Knowledge-Based Trust: Estimating the Trustworthiness of Web Sources

Published 12 Feb 2015 in cs.DB and cs.IR | (1502.03519v1)

Abstract: The quality of web sources has been traditionally evaluated using exogenous signals such as the hyperlink structure of the graph. We propose a new approach that relies on endogenous signals, namely, the correctness of factual information provided by the source. A source that has few false facts is considered to be trustworthy. The facts are automatically extracted from each source by information extraction methods commonly used to construct knowledge bases. We propose a way to distinguish errors made in the extraction process from factual errors in the web source per se, by using joint inference in a novel multi-layer probabilistic model. We call the trustworthiness score we computed Knowledge-Based Trust (KBT). On synthetic data, we show that our method can reliably compute the true trustworthiness levels of the sources. We then apply it to a database of 2.8B facts extracted from the web, and thereby estimate the trustworthiness of 119M webpages. Manual evaluation of a subset of the results confirms the effectiveness of the method.

Abstract PDF Upgrade to Chat

Citations (217)

View on Semantic Scholar

Summary

The paper introduces Knowledge-Based Trust (KBT) to estimate web source reliability by evaluating the factual correctness of content.
It employs a probabilistic multi-layer model that differentiates factual errors from extraction errors and is validated on billions of data triples.
The framework enhances practical applications in web search and content curation by complementing traditional popularity-based metrics.

Knowledge-Based Trust: Estimating the Trustworthiness of Web Sources

In this paper, the authors investigate the challenging task of assessing the trustworthiness of web sources by introducing a novel concept known as Knowledge-Based Trust (KBT). This framework aims to move beyond traditional exogenous metrics such as hyperlink structure and browsing history, which primarily evaluate the popularity rather than the reliability of information sources.

Methodological Framework

The central premise of KBT is to estimate reliability through endogenous signals, specifically the factual correctness of content. The paper outlines a probabilistic multi-layer model that distinguishes factual errors within web content from errors arising due to the extraction process. This nuanced approach leverages a plurality of facts extracted from webpages and employs joint inference to evaluate both the accuracy of extracted facts and the trustworthiness of their sources.
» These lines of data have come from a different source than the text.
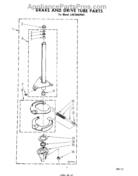 Parts for Whirlpool LA5700XPW3: 09 - Brake And Drive Parts
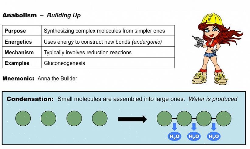 תהליך זה ידוע גם בשם ביוסינתזה. במהלך אנבוליזם, מולקולות פשוטות הופכות למולקולות חדשות גדולות ומורכבות יותר, התורמות ליצירת רקמות חדשות ומסייעות להזין רקמות קיימות.
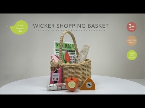 Go shopping just like mum and dad! A gorgeous handcrafted wicker basket containing a bar of chocolate, a bottle of lemonade, a continental salami, some cheese, a baguette in a cloth bag, three tulips and a leaf. An apple with a bite taken out of it, and a newspaper.

The framework consists of several components:

Fact Extraction: This involves extracting (subject, predicate, object) triples from web pages using methods developed under the Knowledge Vault (KV) project, where subjects and predicates are defined within Freebase.
Inference Model: The model is engineered to differentiate between factual inaccuracies originating from the source itself and errors introduced during data extraction. This is accomplished via a probabilistic model that applies joint inference across multiple layers.
Granularity Control: An adaptive mechanism is implemented to determine the granularity at which information is aggregated within sources. This ensures computational efficiency and robust statistical estimation by merging data from similar sources or splitting excessively large sources.

Empirical Evaluation

The model's efficacy was tested statistically on synthetic data and broadly applied to a dataset comprising 2.8 billion triples extracted from the web. The assessment demonstrates that by analyzing endogenous data signals, the method can reliably estimate the trustworthiness of 119 million webpages and 5.6 million websites. Validation of a subset shows the effectiveness of this assessment, confirming its practical viability.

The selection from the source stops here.